Herbs & Spices
Ground Cinnamon Conversion
Ground Cinnamon weighs 125g per US cup.
Conventionally measured by the teaspoon — a cup of ground cinnamon is not a realistic recipe quantity.
| Amount | Grams | Ounces |
|---|---|---|
| 1 cup | 125.0 g | 4.41 oz |
| 1/2 cup | 62.5 g | 2.20 oz |
| 1/4 cup | 31.3 g | 1.10 oz |
| 1 tbsp | 7.8 g | 0.28 oz |
| 1 tsp | 2.6 g | 0.09 oz |
| 100 g | 100.0 g | 3.53 oz |
Need a different amount? Use the full Ingredient Converter tool.
125 grams is the theoretical weight of a full cup of ground cinnamon, but no baking recipe on earth calls for that — cinnamon does its work by the teaspoon, and a cup of it stirred into anything would blow past pleasantly spiced into simply inedible.
Most cinnamon sold in US grocery stores is cassia cinnamon, not the milder, more delicate "true" Ceylon cinnamon prized in parts of Europe and Latin America — cassia has a stronger, spicier flavor and a noticeably higher coumarin content (a naturally occurring compound with some health considerations at high intake), a genuine botanical and compositional difference between what many people think of as one single spice.
Ground cinnamon loses potency gradually over time even when properly sealed, since its flavor comes from volatile aromatic oils that slowly dissipate — a spice that's been sitting in the cabinet for a couple of years isn't unsafe, but it will taste noticeably milder and flatter than a fresher jar, worth knowing before assuming a recipe under-delivers on cinnamon flavor due to a measuring error rather than an old spice.

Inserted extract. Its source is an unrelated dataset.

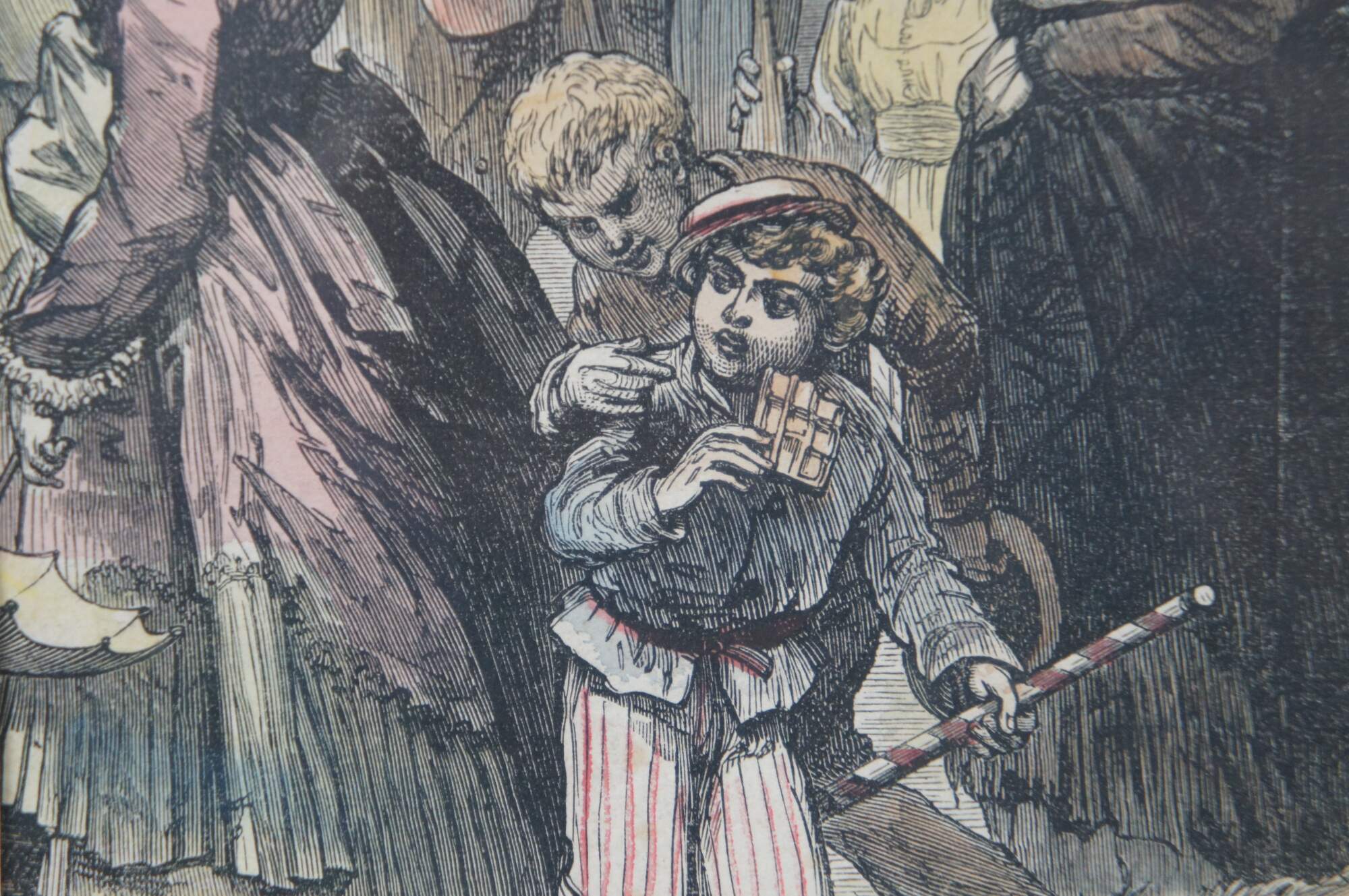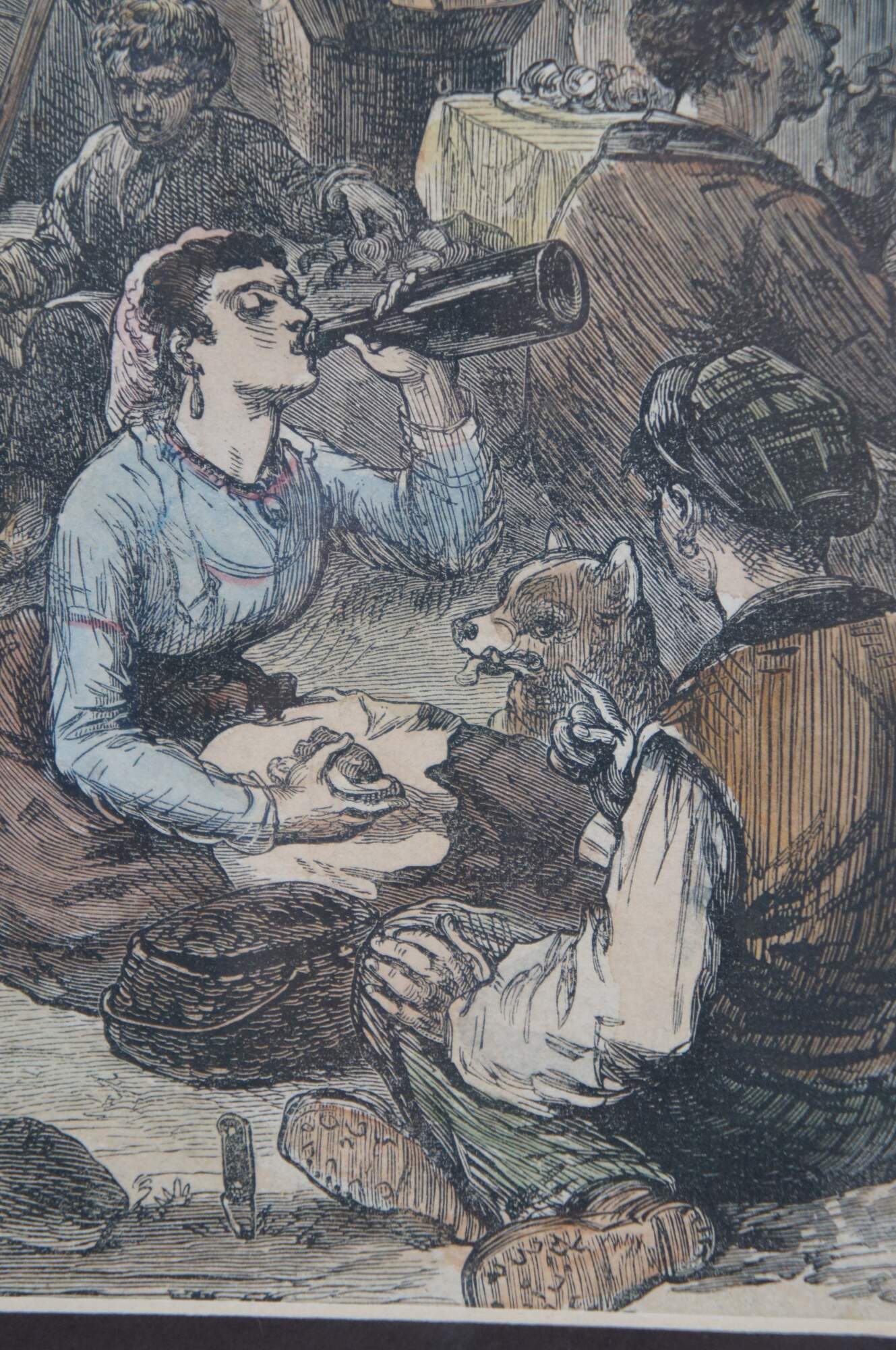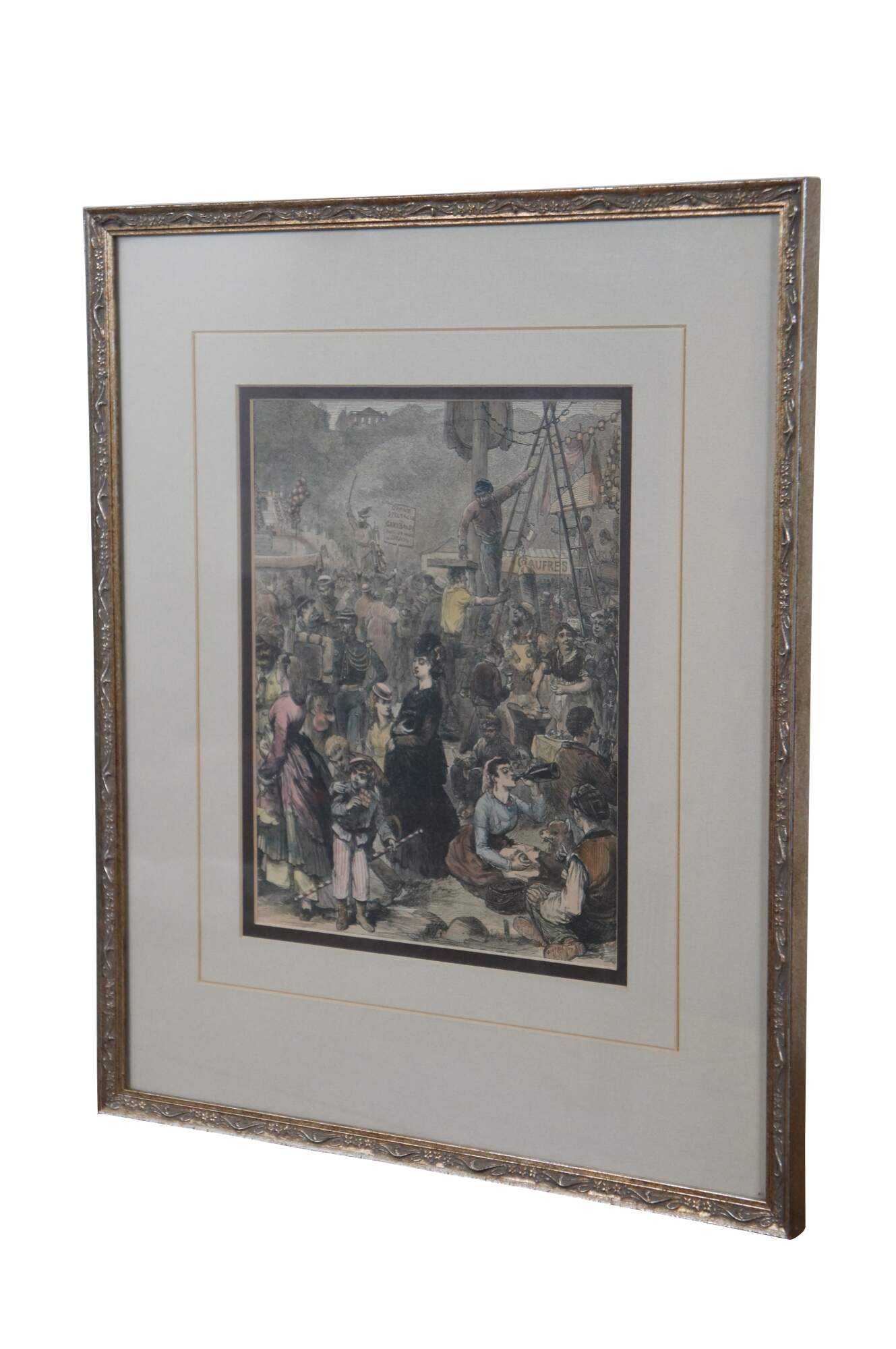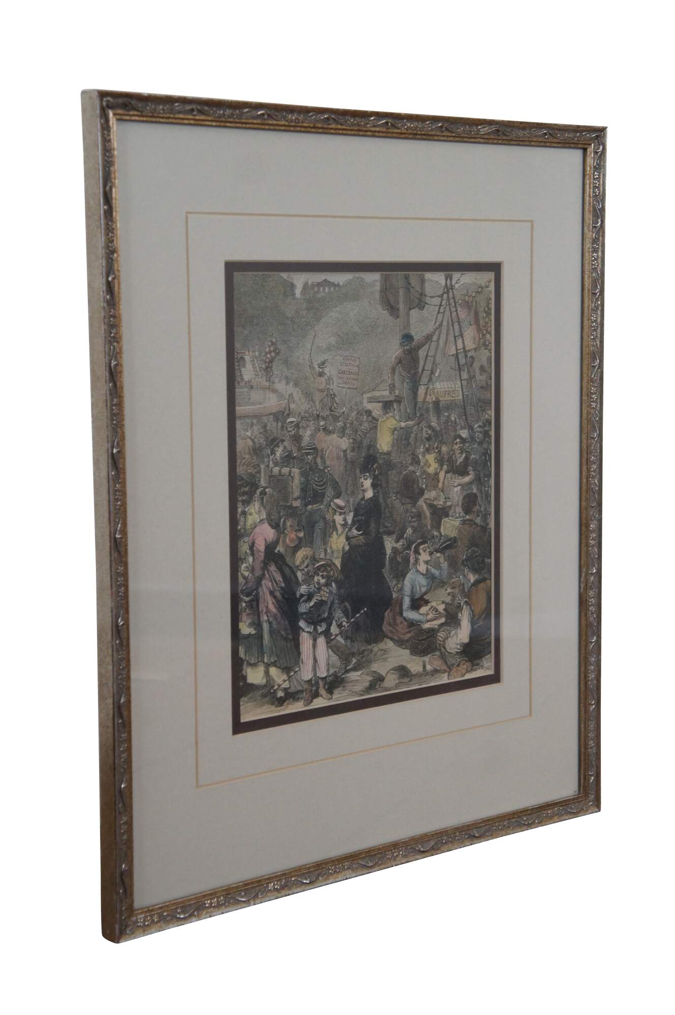Framed antique hand colored wood engraving depicting "The Fair of St Cloud Near Paris" by Felix Regamey, showing a crowded throng of people enjoying a festival. Engraved by J.W. Palmer, 1871. Framed in a distressed gilded floral frame. This image comes from the Illustrated London News.

Ground cinnamon's cup weight (100g) is, as with most ground spices, mostly a scaling reference rather than a realistic quantity — worth noting separately is that most cinnamon sold in US supermarkets is cassia cinnamon, which has a sharper, more intense flavor than true Ceylon cinnamon, a real botanical distinction that affects how much a recipe should call for depending on which type is on hand.
Ceylon cinnamon, sometimes called "true cinnamon," is softer and more delicately flavored than cassia, and a recipe calling for one rather than the other by name is signaling a real, intentional flavor choice rather than a purely interchangeable ingredient.
How long does it last?
Storage & shelf life →
Frequently asked questions
Is all ground cinnamon the same?
No — most cinnamon sold in the US is cassia cinnamon, which has a stronger, spicier flavor and higher coumarin content than true Ceylon cinnamon, a milder variety more common in parts of Europe and Latin America; the two are genuinely different, not just differently labeled.
Does ground cinnamon go bad?
Kept dry, it isn't a safety risk even years later, but flavor is a different story — its aromatic oils dissipate gradually, so a jar that's sat around for a couple of years is still fine to eat, just noticeably flatter and milder than a fresh one.
Why is cinnamon almost never actually measured by the cup in real recipes?
It's an intensely flavored spice even in small amounts, so recipes conventionally call for it by the teaspoon; a full cup would overwhelm virtually any dish, which is why this site's cup conversion is a mathematical figure rather than a realistic recipe quantity.
Can I substitute Ceylon cinnamon for cassia cinnamon 1:1?
Volume-wise yes, but expect a milder, more delicate result, since Ceylon cinnamon's flavor is noticeably softer than cassia's stronger, spicier profile — a recipe developed around cassia may taste under-spiced if Ceylon is swapped in without adjustment.
How can I tell if my ground cinnamon has lost its potency?
Rub a small pinch between your fingers and smell it — fresh, potent cinnamon has a strong, warm aroma, while a jar that's lost potency will smell noticeably faint or muted even though it still looks and feels the same as a fresh jar.